もともと曖昧だった日本語は、戦後、GHQの政策によって無理矢理、表記を統一して教育の標準化をおこないました。これによって生まれた文法を使っても、日本語プログラマーはうまく日本語を扱うことができない、という仮説を私は立てています。
例えば「昨日、おまえ、デート、したの、昌子と?」という問いに対して、
・「昨日」にアクセントがあれば、「昨日じゃないよ先週だよ」と答えます。
・「おまえ」にアクセントがあれば、「俺じゃないよ田中だよ」と答えます。
・「デート」にアクセントがあれば、「あれはデートじゃないよ」と答えます。
・「したの」にアクセントがあれば、「してないよ」と答えます。
・「昌子」にアクセントがあれば、「昌子じゃないよ、淳子だよ」と答えます。
つまりメロディを変化させるだけで質問の意味が変わってきます。シーマンはメロディを理解できないので、おまえと言われて疑問形かどうか判断できません。文法が重要視しているのはメロディ認識ではないかと考えています。
メロディとは別に、語尾に「よ」とか「ね」を吟味して付けるという特徴が日本語会話にはあります。これを使わないと会話に違和感がでてくるためです。例えば「三木さんのお子さんは10歳ですよね」ここから「よね」を外すと違和感があります。言い切りの形では、「本人よりも詳しい」というニュアンスになるからです。言っている内容についてどちらがよく知っているか、それが語尾によって決定づけられているわけです。
会話の中の「主見」に注目する
ここまで、日本語に対する問題点を3つ挙げました。単語の切れ目、メロディ、そして語尾の問題です。例えば、「食べる」という動詞は下一段活用とされていますが、食べないもん、食べたくない、食べてたじゃん、食べたらぶっ殺す、これらをひっくるめて活用形と考えると、食べたらぶっ殺す、は食べるの否定形のレベル5になります。レベル4は、食べるなって言っただろ、レベル3は食べるなよ。このように普段使っている慣用句に動詞を代入して使っています。この活用形の中に意味が込められています。これがメロディ言語です。この3つの組み合わせで、意味が通じるようになります。何を言っているのか、誰の意見なのか、これを「主見」と我々は名付けています。三人称なら、食べたがってましたよね、二人称なら食べたいですよね、合意が得られない場合は、食べるもん、食べたいし、食べたいから、これらは自分の主張が強い場合ですね。
これも仮説ですが、日本語は自分と相手との関係において、どこまでが自分のテリトリーか、を確認する、という言語だと考えています。

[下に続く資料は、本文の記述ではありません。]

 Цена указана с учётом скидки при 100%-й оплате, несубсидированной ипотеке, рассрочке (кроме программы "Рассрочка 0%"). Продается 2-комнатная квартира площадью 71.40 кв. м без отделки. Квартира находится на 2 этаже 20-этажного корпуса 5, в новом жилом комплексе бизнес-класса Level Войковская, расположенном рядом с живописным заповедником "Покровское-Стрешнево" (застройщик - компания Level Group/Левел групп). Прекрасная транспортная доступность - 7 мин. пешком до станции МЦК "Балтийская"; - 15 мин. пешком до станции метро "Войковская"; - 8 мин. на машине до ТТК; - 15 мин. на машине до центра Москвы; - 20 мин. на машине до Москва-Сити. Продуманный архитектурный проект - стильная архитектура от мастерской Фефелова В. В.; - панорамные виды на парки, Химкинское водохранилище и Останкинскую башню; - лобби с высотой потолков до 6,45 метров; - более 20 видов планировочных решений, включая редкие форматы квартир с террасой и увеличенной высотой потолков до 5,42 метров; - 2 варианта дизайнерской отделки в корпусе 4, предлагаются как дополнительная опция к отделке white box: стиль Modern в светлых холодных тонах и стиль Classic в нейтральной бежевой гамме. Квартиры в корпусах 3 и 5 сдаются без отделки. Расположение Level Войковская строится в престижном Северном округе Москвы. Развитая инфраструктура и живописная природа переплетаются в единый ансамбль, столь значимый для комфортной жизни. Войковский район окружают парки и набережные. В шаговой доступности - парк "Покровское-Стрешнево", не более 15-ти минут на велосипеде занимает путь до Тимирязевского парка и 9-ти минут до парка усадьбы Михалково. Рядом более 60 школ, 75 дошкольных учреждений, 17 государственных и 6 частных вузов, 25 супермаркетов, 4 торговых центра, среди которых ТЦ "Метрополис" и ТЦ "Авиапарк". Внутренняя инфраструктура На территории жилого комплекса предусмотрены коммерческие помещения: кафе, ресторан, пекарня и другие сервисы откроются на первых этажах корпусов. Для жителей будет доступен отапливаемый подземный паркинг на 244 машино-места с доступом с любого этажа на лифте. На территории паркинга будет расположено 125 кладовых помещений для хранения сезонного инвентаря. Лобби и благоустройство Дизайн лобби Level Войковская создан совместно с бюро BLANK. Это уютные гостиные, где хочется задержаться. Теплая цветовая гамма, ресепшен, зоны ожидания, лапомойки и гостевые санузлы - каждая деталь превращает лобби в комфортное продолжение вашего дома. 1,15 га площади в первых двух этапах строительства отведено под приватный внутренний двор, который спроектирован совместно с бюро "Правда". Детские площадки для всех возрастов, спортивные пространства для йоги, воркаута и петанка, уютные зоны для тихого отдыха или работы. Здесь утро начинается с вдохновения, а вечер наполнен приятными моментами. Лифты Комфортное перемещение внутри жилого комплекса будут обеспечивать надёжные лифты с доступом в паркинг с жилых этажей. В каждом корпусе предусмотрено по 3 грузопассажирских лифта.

例えば身内を紹介するときに「青山学院大学学長の三木さんに......」と言うと違和感がありますね。身内に「さん」を付けると違和感を感じます。これを外国人が聞くと「さん」が付いていない方に違和感を感じるそうです。目上の偉い人を呼び捨てにしていると。「さん」を付けるかどうかで、そのグループに話者が帰属しているかどうかが分かります。「さん」なしで「ウチの三木がそう申しておりました」と言えば、彼は三木グループに属していることが分かります。

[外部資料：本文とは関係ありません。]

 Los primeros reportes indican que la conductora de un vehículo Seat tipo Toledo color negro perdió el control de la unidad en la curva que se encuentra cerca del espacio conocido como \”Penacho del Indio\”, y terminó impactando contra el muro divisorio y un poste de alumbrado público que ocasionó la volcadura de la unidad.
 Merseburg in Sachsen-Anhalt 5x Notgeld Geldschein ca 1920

主語、述語以外の単語を数値化して、意味化するのが私たちの仕事です。また、メロディによる文章の意味を定義するために、カラオケの採点システムを作っている音響メーカーと協力してメロディ認識のエンジンを開発しているところです。これらを解析できれば、日本語の文章の正しい意味を伝えられるようになるはずです。
日本語の「省略」にどう対応するか
野球というゲームで選手がおこなっている動きは、わずか4つの動作です。投げる、打つ、走る、捕る。これらの組み合わせで監督の采配が伝わってきます。その監督の偉大さも分かります。ゲームにはそんな文脈を作る力があります。将棋の羽生名人の言葉ですが、相手の弱点を突く対局もあれば、相手を称える対局もあるそうです。その道を究めれば究めるほど、相手が一手を指すだけで、その人の性格まで分かってくるに違いありません。それがゲームというものです。

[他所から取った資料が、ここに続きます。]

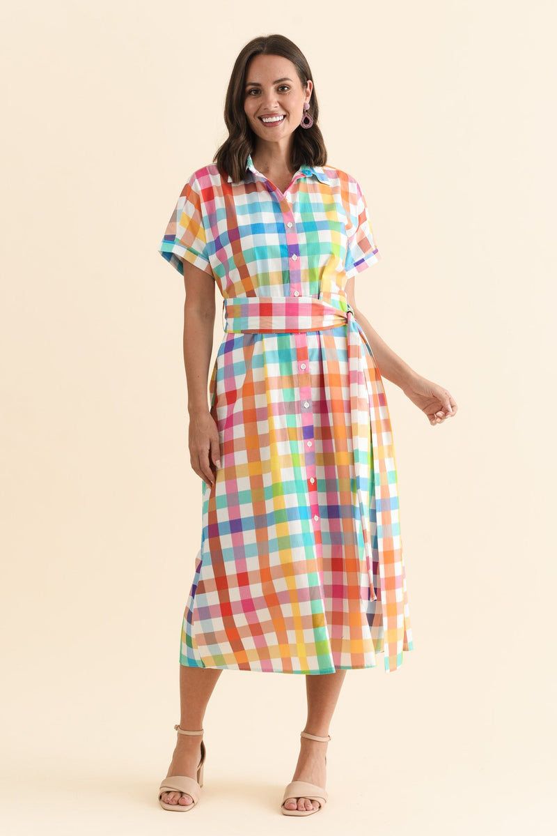 SHERRYL WHITE CHECK COTTON SHIRT DRESS
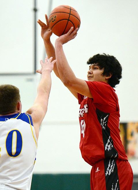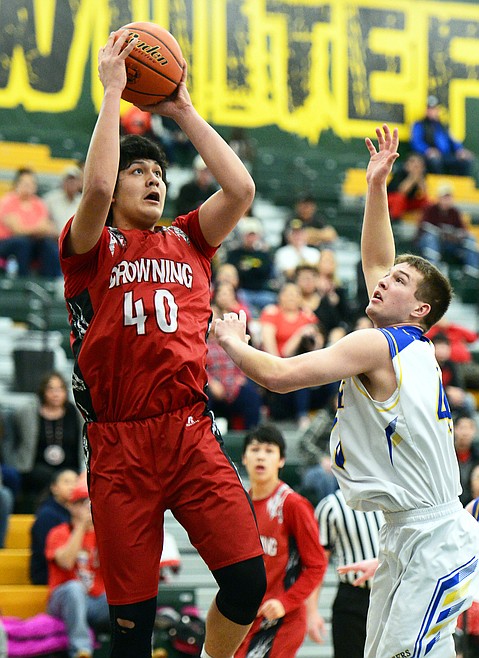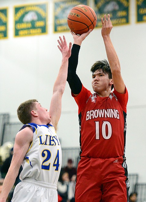 Browning's Tyree Whitcomb (40) shoots over Libby's Tim Goodman (40) at Whitefish High School on Friday. (Casey Kreider/Daily Inter Lake)

それでは言語の場合はどうでしょうか。結婚式のスピーチで朗々と語る人がいますが、そんなスピーチは退屈で心に響きません。理由を考えてみると、論文のように読み上げられるスピーチには観客が介入する余地がありません。干渉できないわけです。一方、面白いスピーチには隙があります。文語と口語の違いもあると思います。口語はセンテンスが短く、主語、述語がポンポン入ってきます。これが論文調だと主語と述語の間に隙がなく会話に入っていけない。口語には省略が欠かせません。日本語のエンジンはこの省略の部分をきちんと補完する能力が要求されます。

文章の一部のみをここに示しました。